We've built a complete prompt optimization pipeline that:

  1. Defines a structured task with pydantic-ai
  2. Creates a rich evaluation dataset with pydantic-evals
  3. Integrates with GEPA through a custom adapter
  4. Automatically improves prompts based on evaluation feedback

The key insights:

  • Agent.override() enables clean prompt injection without modifying agent definitions
  • pydantic-evals provides parallel evaluation, rich metrics, and observability
  • GEPA's reflective mutations are smarter than random search
  • The adapter pattern keeps components decoupled and reusable

The complete code is available in the pydantic-stack-demo repository. To run it:

# Clone the repository
git clone https://github.com/pydantic/pydantic-stack-demo?utm_source=gepa_blogpost
cd pydantic-stack-demo

# Set up your API key
export OPENAI_API_KEY='your-key'

# Sync dependencies
uv sync

# Run evaluation
uv run python pai-gepa-prompt-optimization/run_optimization.py eval

# Compare initial vs expert instructions
uv run python pai-gepa-prompt-optimization/run_optimization.py compare

# Run optimization
uv run python pai-gepa-prompt-optimization/run_optimization.py optimize --max-calls 50

Managed Variables: Logfire will soon support "managed variables" that make prompt injection even cleaner. Instead of agent.override(), you'll declare variables that can be modified at runtime and tracked in the Logfire UI.
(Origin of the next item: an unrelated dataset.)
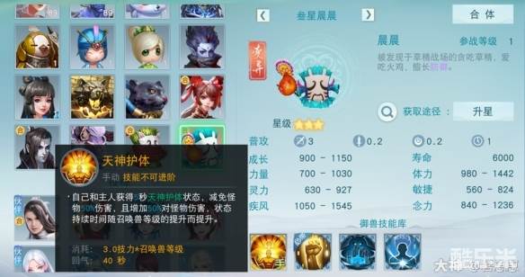 它的手动技能【天神护体】,可以为主人提供强大的天神护体状态。在此期间怪物造成的伤害可减免50%,同时可增加50%对怪物的伤害。

Improved GEPAAdapter: We're working on an updated adapter that will optimize arbitrary structs—not just a single instructions string. This will support multiple structs and treat fields within a single struct as separate modules, enabling true genetic crossover between prompt components.

Online Optimization: We're also adapting a GEPA-like algorithm to run continuously in production against Logfire traces, automatically improving prompts based on real user interactions.